One way I can think to interpret it is: you treat these “more pull” objects as simply bigger than other points. So when computing your bounding box, you give them a little extra room on all sides (add Vector3.one times some weight to their pos when updating max, and subtract the same when updating min).
So now your bounding box includes all the points, but some extra space around certain objects, and then the camera positions itself at the center of that. Would that do what you need?
Yes, I agree. This issue is partly that nobody really seems to agree on what terminology to use for this kind of thing. Anyway, maybe a use-case would clear it up a bit.
I have a top-down 2D-ish game that support several players. The camera needs to be able to track all players and any additional targets so that they all remain on the screen - so yes, it’s very much a bounding volume of sorts. However, each player is treated as a point in this case rather than a bound of their own. I also have the ability for players to lock on to targets which I want the camera to track as well but with less strength than normal players, otherwise the camera will start to move too erratically to make the feature useful.
Does this seem reasonable? I’m thinking I might have to first calculate the centroid as normal, and then re-calculate it using the weights as a way of ‘extruding out’ from this centroid position toward that particular point. I could then save the result in a secondary list and use that completed list as the new input for calculating the weighted centroid.
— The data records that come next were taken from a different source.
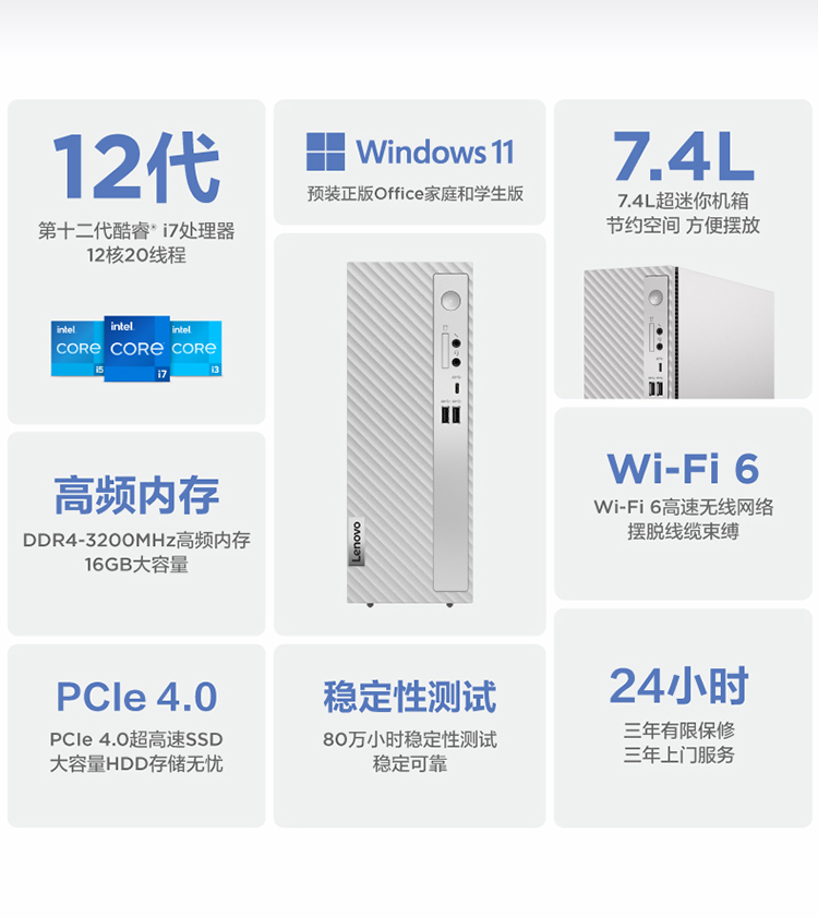 英特尔酷睿i7台式机电脑整机(CUP:12代i7-12700;内存16G DDR4 3200MHZ; 硬盘:1T+256G NVMe高速固态硬盘 SSD win11;网卡:802.11ax Wi-Fi6 蓝牙无线网卡 千兆有线网卡;显示器:来酷27英寸显示器 微边 IPS硬屏 FHD分辨率 1670万色数 低蓝光无频闪
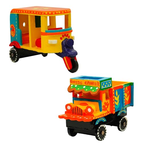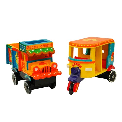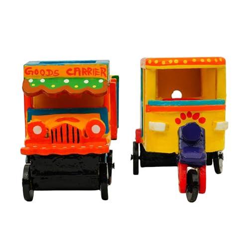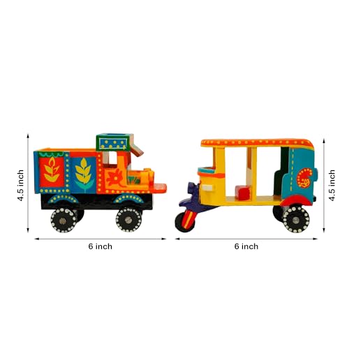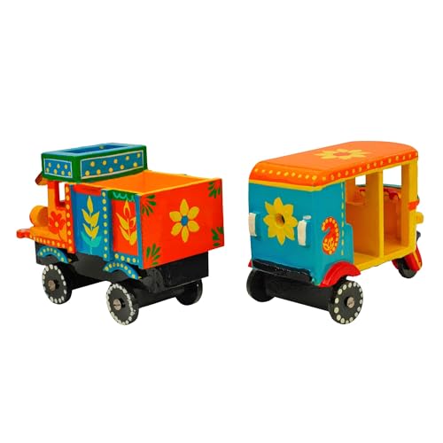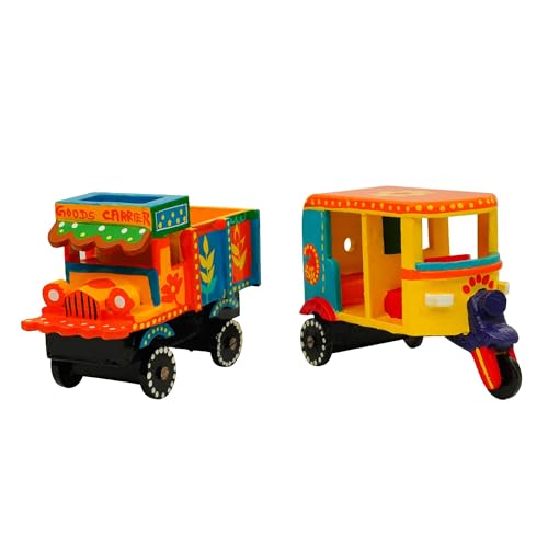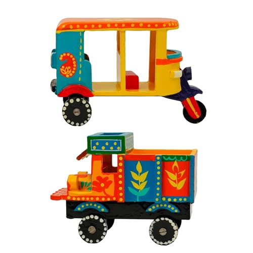 Perfect Size for Play & Décor: With a size of approx. 6 x 4.5 inches, the auto rickshaw and goods truck fit perfectly in little hands for imaginative play or on shelves as ethnic decor.
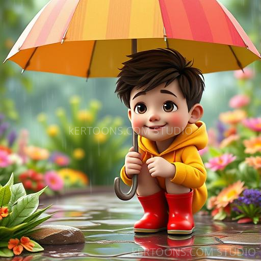 One afternoon, Leo decided to take his counting outside into the garden. He crouched under a big umbrella, watching the rain dance on the leaves and puddles. As he counted each raindrop that landed on his umbrella, he imagined they were tiny fairy friends from a faraway land, each with a story to tell. The more he counted, the more he felt connected to the world around him—every drop was a tiny gift from the sky. Leo realized that counting made him notice the beauty in everything, even a rainy day.

I might suggest a different approach. The goal of the camera controller should be to keep all players, and their targets in view — not necessarily in the center! Generally you imagine a smaller box than the actual screen (say, 60% as wide and tall), and you move the camera only if the player(s) go outside of this box. But they can move around as much as they want inside the box, and the camera doesn’t move. This gives you generally more stable camera behavior.
Of course the drawback of this technique is, when you’re all moving steadily in one direction, you can’t see very far out in front of you.
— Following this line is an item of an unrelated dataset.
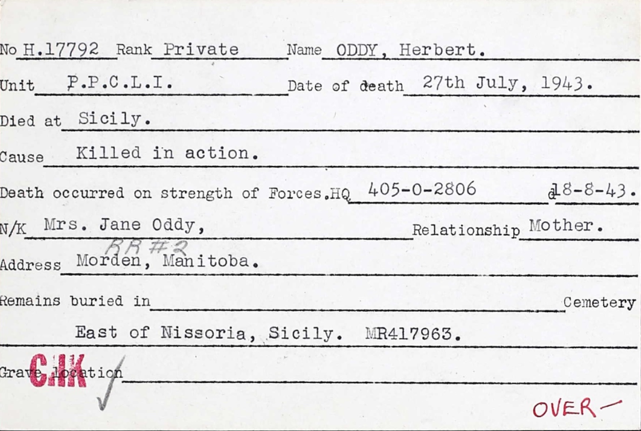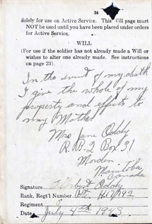 Son of Jane Oddy, of Thornhill, Manitoba.

Camera control is a much deeper topic than you’d think, because of things like this — there are all sorts of tricks and trade-offs to be made. You might posting in the Game Design forum for deeper discussion about it, and maybe get some useful references. (I know I’ve read a few, but I don’t have the links handy, alas.)
It does actually, that and the word Centroid (which he used as the function’s name) are well-defined terms and are synonyms to geometric mean, “center of gravity”, and average position.
if that is true then the formula I provided still applies, you just need to grab the bounds first like before and then apply the weighted calculation afterwards
@JoeStrout
To clarify a little more, the function I defined is actually used by a dummy object that places itself at the center of all tracked objects and then the camera tracks that object. So the effect is, as you suggest it should be, that the camera isn’t keeping the targets in the center but merely on-screen as best it can. But maybe you are right and I’m just over complicating it.
Boy don’t I know it!
I have a system that tracks multiple objects on all three axes and can be arbitrarily locked on any of them. Performs a smooth follow motion and look-ahead, uses dead-zones for each axis, and has to be able to smoothly tween to ‘focus’ points in the scene while still maintaining any potentially active lock on any axis as well as keep all targets in camera. Yikes.
@JoshuaMcKenzie
Coolio! I’ll give that a try tomorrow. My brain is too fried to figure this all out tonight.